Module 3: Observability & Monitoring
Overview
Learn how to monitor Azure resources, set up dashboards, analyze logs, and configure alerts for proactive reliability.
Lesson 3.1: Monitoring & Observability Fundamentals
- Importance of monitoring for SREs
- Three pillars: Metrics, Logs, Traces
- Analogy: Car dashboard for observability
Lesson 3.2: Azure Monitor Basics
- Collect and visualize performance data
- Create dashboards and set alerts
- Demo:
- Open Azure Monitor in the portal
- Add CPU and network charts for a VM
Lesson 3.3: Log Analytics & Application Insights
- Query logs and monitor applications
- Demo:
- Enable Application Insights for a web app
- Run a Log Analytics query:
search * | where Level == "Error"
Lesson 3.4: Alerts & Notifications
- Set up proactive alerts and notifications
- Tune alert rules for actionable insights
- Demo:
- Create an alert for CPU > 70%
- Trigger alert and receive email notification
Assessment
- Quiz and dashboard creation lab
Troubleshooting Tips & Common Mistakes
- If metrics are missing, check that monitoring is enabled for the resource.

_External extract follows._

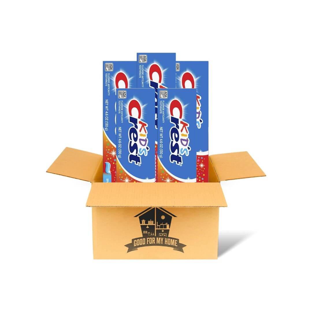 Sparkle Fun Toothpaste Bundle: Five – 4.6 Oz Crest Kids Cavity Protection Toothpaste Sparkle Fun Flavor Toothpaste Comes with Good For My Home Box – for Enamel Care & Cavity Protection for Children.
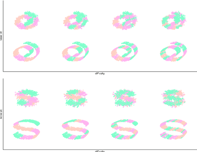 Abstract:The lack of large labeled medical imaging datasets, along with significant inter-individual variability compared to clinically established disease classes, poses significant challenges in exploiting medical imaging information in a precision medicine paradigm, where in principle dense patient-specific data can be employed to formulate individual predictions and/or stratify patients into finer-grained groups which may follow more homogeneous trajectories and therefore empower clinical trials. In order to efficiently explore the effective degrees of freedom underlying variability in medical images in an unsupervised manner, in this work we propose an unsupervised autoencoder framework which is augmented with a contrastive loss to encourage high separability in the latent space. The model is validated on (medical) benchmark datasets. As cluster labels are assigned to each example according to cluster assignments, we compare performance with a supervised transfer learning baseline. Our method achieves similar performance to the supervised architecture, indicating that separation in the latent space reproduces expert medical observer-assigned labels. The proposed method could be beneficial for patient stratification, exploring new subdivisions of larger classes or pathological continua or, due to its sampling abilities in a variation setting, data augmentation in medical image processing.

- Alerts not firing? Verify thresholds and notification settings.
- Common mistake: Not configuring Log Analytics workspace for logs.
- Use tags to organize resources for easier monitoring.
Visual Guide
Sample Azure Monitor dashboard.
Quick Quiz
- What are the three pillars of observability?
- How do you set up an alert for high CPU usage?
- What is the role of Application Insights?
Discuss your answers in the course forum or with your instructor.
Community & Discussion
- Join the Azure SRE Learners Forum to ask questions, share projects, and connect with peers.
Goal: Set up monitoring and alerts for a virtual machine.
Tasks:
- Deploy a Linux VM in Azure.
- Enable Azure Monitor and Application Insights for the VM.
- Create a dashboard showing CPU and memory usage.
- Set an alert for CPU > 70% and trigger it with a stress test.
- Review logs and metrics in Log Analytics.
Submission:
- Submit screenshots of your dashboard, alert, and log query results.
Hands-On Assignment
Scenario: You need to monitor a web app for performance and errors.
Instructions:
- Describe three key metrics and logs you would track for a web app.
- Explain how you would set up alerts for critical issues.
- Share your monitoring plan in the course forum or with your instructor.